5:17. I think everything is ready. I'm sure I've forgotten something...

Dinner was cooked.

Brought the portable weather stations out.

Small dinner. We'll have dessert later...

Changed. Jeans, socks (astrocats!), fresh shirt, plus a long-sleeved shirt.

Dude upstairs was impressed. Said he'd turn out the lights. Thanks! I invited them to look at Jupiter or Saturn.

Attached the OTA to the mount. Found the balance is fair WITHOUT the eyepiece. Could I do alignment without?! That's a weird thought...

7:12. Brought more gear out. Configured computer. Connected the USB-serial (Prolific). Checked the assigned port (COM2).

From earlier, I transcribed my measurements. The footprint of the Kendrick tent is 14'3" x 8'3".

7:29. Played with balance of the mount. I was surprised to find with the dew shield on, it was front heavy! I thought it was extremely back heavy. So I slowly added bits. Curiously, with the focuser and 2" mirror and 2" eyepiece, it's not bad...


Tent was dusty, much of it from the old carpet.


When you slew to the moon with the GoToStar system, it automatically goes into "lun" tracking rate. I didn't know that! Clever people.

Tuesday, August 20, 2019

delivered sky show at the DDO

Helped Ron at the final RASC session during the Western Space Camp. I delivered a Stellarium presentation in the David Dunlap Observatory Skylab for the kids.

Before anyone arrived I tidied up the bin for the Skylab equipment. Hopefully this will make for less confusion for the other presenters.

I showed the "pretend" sky at the time and later through the evening. We talked about planets and stars, their favourite asterisms. We talked a bit about constellations and Greek mythology. The Milky Way emerged later in the evening. Only a couple in each group had seen it. Pushed to sunrise. Then I had them fasten their seat belts and we flew to the Sun so to get a good look at the Earth spinning like a top. I tried to show the view from the Solar System Observer point but I couldn't get it to work right. It was sort of OK from Earth.

After the computer sky simulation, I showed how to use our RASC Starfinder. They look forward to getting those.

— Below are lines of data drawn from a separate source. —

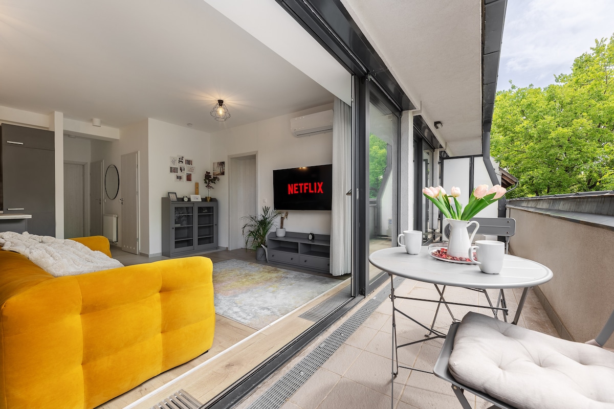 Beautiful, modern, bright and newly furnished apartment with balcony in the 13rd district close to the Danube! FREE PARKING in the garage. Lovely and peaceful location, however it has quick access to the city center (Deák square 12 min by metro/no transfer). The metro station is 150 m from the apartment! Free gifts for our guests! It can accommodate 4 people. The air-conditioned apartment has a bedroom for two (king bed - 180x200), a spacious living room with a sofa-bed for two (150x200).
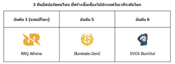 นอกจากนี้ยังมีตัวแทนทีมอีสปอร์ตคนไทยอีก 2 ทีม ได้แก่ ทีม Illuminate.GenZ และ ทีม EVOS BurnOut สามารถคว้าอันดับที่ 5 และ 6 ตามลำดับ โดยทีม Illuminate.GenZ จบอันดับ 5 สามารถทำคะแนนรวมได้ 3,560 คะแนน รับเงินรางวัล 8,000 เหรียญสหรัฐฯ (ราว 264,000 บาท) และทีม EVOS BurnOut จบอันดับ 6 ทำคะแนนรวมได้ 3,465 คะแนน รับเงินรางวัล 5,000 เหรียญสหรัฐฯ (ราว 165,000 บาท) สำหรับตารางอันดับและรายชื่อทีมผู้ชนะทั้ง 20 ทีม สามารถคลิกชมได้ที่ ลิงค์
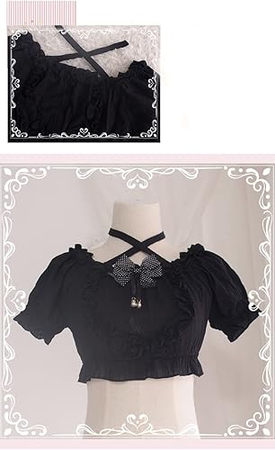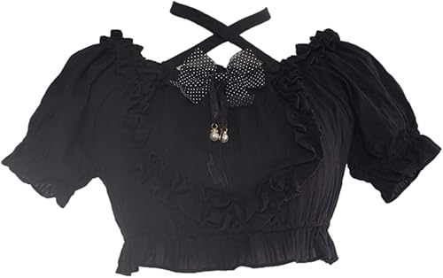 Bowknot, Puff Sleeve, Short Sleeve , Sweet Lolita or Goth Casual Halter Neck Lace Up Crop Blouse, Suitable for Birthday Party, Lolita Fashion Anime Cosplay Party , JSK Cosplay Princess Shirts , and It's A Gift for Girlfriend , Daughter , Niece .
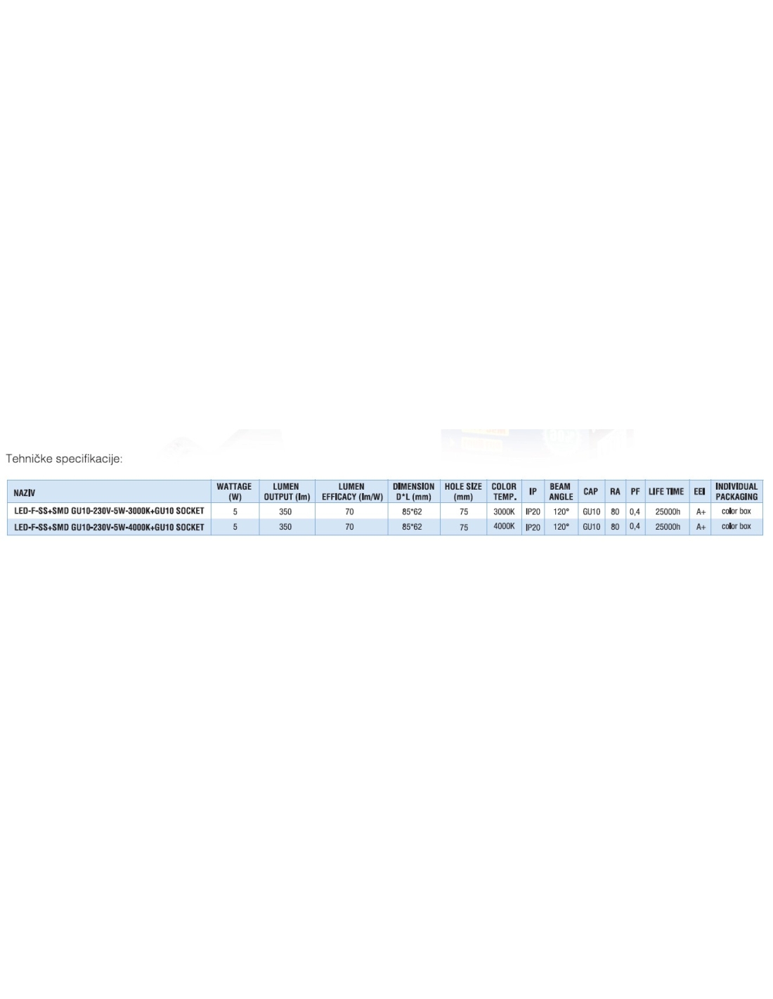LED F RS+SMD GU10 230V 5W 3000K

Lots of energy, enthusiasm, and questions! Fun!

After, Ron and I did some testin' and learnin' in the dome.


Figured out the issue with Stellarium...

Saturday, August 17, 2019

helped at DDO family night (Richmond Hill)

Rhonda and I helped at the David Dunlap Observatory. She ran the crafts room and I flew the 74-inch telescope and did the downstairs and upstairs talks. Aimed at Rasalgethi for our prime target. A lovely gem-like pair. I was assisted by Chris V and Rick Z in the dome. We shook down things on the MallinCam. It's working really well. Did some testing of the ArgoNavis.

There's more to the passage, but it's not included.